En la matière, seule vaut une politique de décartellisation qui consiste à établir que l’on ne peut pas occuper plus de 5 % ou 7 % d’un marché, sinon il n’y a plus de libre concurrence.

Hélas, la part des matières premières agricoles dans le prix des aliments baisse constamment. Il y a quelques exceptions, par exemple le champagne. Dans ce cas, cela s’explique facilement : un cartel fait face à un autre. Dans cette situation, soit on tombe d’accord, soit c’est l’épreuve de force. En Champagne, on a toujours réussi à conclure des accords, lesquels, vous le savez, accordent un tiers du prix de la bouteille au producteur. C’est pour cette raison que le raisin vaut entre 5,50 euros et 6 euros le kilo. Si les producteurs étaient dispersés, comme c’est le cas dans d’autres zones viticoles, avec une multitude de syndicats qui se tirent dans les pattes face à un cartel des acheteurs, il est évident que le prix du raisin baisserait – pas besoin d’avoir fait des études d’économie poussées pour le comprendre.

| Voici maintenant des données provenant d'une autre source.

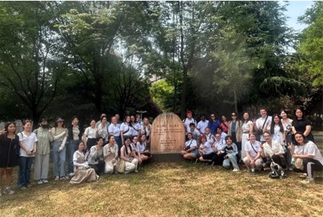 The teachers and students of the study tour group from Southern Utah University first visited the Sino-American Friendship Monument. Led by Ms. Gao Minna, they learned about the historical story behind the monument and experienced the profound significance of Sino-American friendship. They also visited the statues of Confucius and Aristotle, gaining insight into the essence of Eastern and Western cultural educators. The group then moved to the Snow Reading Room in the West Learning Building, where they explored precious historical images and documents to deepen their understanding of the contributions made by international friends such as Helen Snow and Edgar Snow to Sino-American cultural exchange.

Or, sur cette question, qu’y a-t-il dans votre texte ? Vous mettez en avant l’idée de médiation. C’est sympathique ; c’est gentil, comme dirait notre rapporteur, mais en réalité, monsieur le ministre, vous ne vous attaquez pas au problème de fond qui est celui de la cartellisation.

Quand un gouvernement courageux osera-t-il s’attaquer au problème et fixer des plafonds par zone de chalandise – et non en déterminant un taux national ? C’est possible ; d’autres pays l’ont fait, dont les États-Unis.